— PROBLEM DETAILS —
Your answer must consist solely of the line containing "Цар Іван IV" and each line after it through the end of the data, copied exactly.

— MATERIAL PROVIDED —
──────────────────────────────
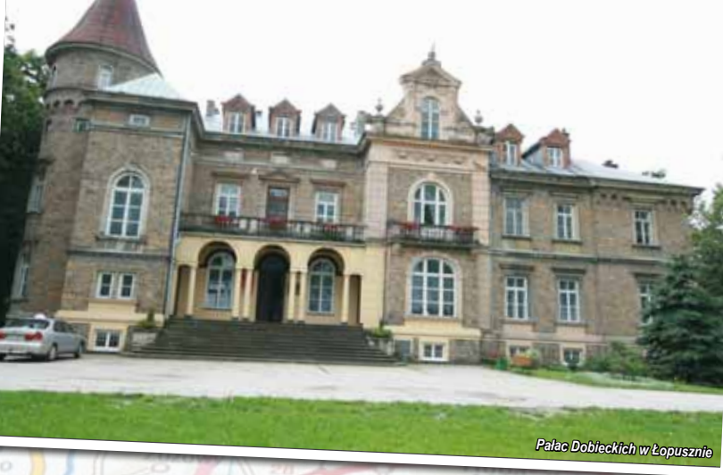
Pałac Dobieckich w Łopusznie

przedstawiciele w XIX w. wzniesli w Łopusznie swoją rezydencję. Jest to okazaly pałac , który powstał według projektu znanego architekta Henryka Marconiego . Obecnie mieści się w nim Liceum Ogólnokształcące.
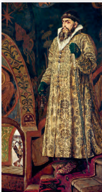
Цар Іван IV Грозны. Мастак Віктар Васняцоў. 1897 г.

Паразважайце, ці можна Земскі сабор у Расіі назваць саслоўна-прадстаўнічым органам. Прывядзіце два аргументы на карысць вашай высновы.
──────────────────────────────
— EXERCISE ANSWER —
Цар Іван IV Грозны. Мастак Віктар Васняцоў. 1897 г.

Паразважайце, ці можна Земскі сабор у Расіі назваць саслоўна-прадстаўнічым органам. Прывядзіце два аргументы на карысць вашай высновы.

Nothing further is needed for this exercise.